Nunca más se sirvieron caracoles en casa de los Knoppert.

Esa noche, buscó en sus enciclopedias y algunos libros de ciencias generales que tenía, pero no encontró absolutamente nada sobre los hábitos reproductivos de los caracoles, aunque el aburrido ciclo reproductivo de la ostra se describía con detalle. Quizás no había sido un apareamiento lo que había visto después de todo, decidió el señor Knoppert después de uno o dos días.

Su esposa, Edna, le dijo que se comiera los caracoles o se deshiciera de ellos —fue en ese momento cuando pisó un caracol que se había arrastrado hasta el suelo—, y el señor Knoppert podría haberlo hecho de no haber encontrado una frase en El origen de las especies de Darwin, en una página dedicada a los gasterópodos. La frase estaba en francés, un idioma que el señor Knoppert desconocía, pero la palabra «sensualité» lo tensó como un sabueso que de repente ha encontrado el rastro. Estaba en la biblioteca pública en ese momento, y laboriosamente tradujo la frase con la ayuda de un diccionario francés-inglés. Era una afirmación de menos de cien palabras, que decía que los caracoles manifestaban una sensualidad en su apareamiento que no se encontraba en ningún otro lugar del reino animal. Eso era todo. Era de los cuadernos de Henri Fabre. Obviamente, Darwin había decidido no traducirla para el lector promedio, sino dejarla en su idioma original para los pocos eruditos a quienes realmente les interesaba. El señor Knoppert se consideraba ahora uno de los pocos eruditos, y su rostro redondo y rosado irradiaba autoestima.

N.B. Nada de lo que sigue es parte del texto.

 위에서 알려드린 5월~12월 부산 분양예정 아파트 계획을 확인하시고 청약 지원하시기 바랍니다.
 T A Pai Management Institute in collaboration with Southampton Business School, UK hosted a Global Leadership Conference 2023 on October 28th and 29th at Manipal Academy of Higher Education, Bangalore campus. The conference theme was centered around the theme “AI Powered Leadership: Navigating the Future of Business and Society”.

Había aprendido que sus caracoles eran de agua dulce y ponían sus huevos en arena o tierra, así que puso tierra húmeda y un pequeño plato con agua en un barreño grande y metió allí a los caracoles. Luego esperó a que algo sucediera. Ni siquiera hubo otro apareamiento. Recogió los caracoles uno por uno y los observó, sin ver nada que indicara un embarazo. Pero no pudo levantar un caracol. La concha podría haber estado pegada a la tierra. El señor Knoppert sospechó que el caracol había enterrado la cabeza para morir. Pasaron dos días más, y en la mañana del tercero, el señor Knoppert encontró un trozo de tierra desmenuzada donde había estado el caracol.

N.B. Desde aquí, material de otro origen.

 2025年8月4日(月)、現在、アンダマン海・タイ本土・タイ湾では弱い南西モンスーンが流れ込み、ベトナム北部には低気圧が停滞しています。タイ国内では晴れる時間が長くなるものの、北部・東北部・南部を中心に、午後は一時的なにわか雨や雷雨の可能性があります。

Curioso, examinó las migajas con la punta de una cerilla y, para su deleite, descubrió un hoyo lleno de huevos nuevos y brillantes. ¡Huevos de caracol! No se había equivocado. El señor Knoppert llamó a su esposa y a la cocinera para que los vieran. Los huevos se parecían mucho al caviar grande, solo que eran blancos en lugar de negros o rojos.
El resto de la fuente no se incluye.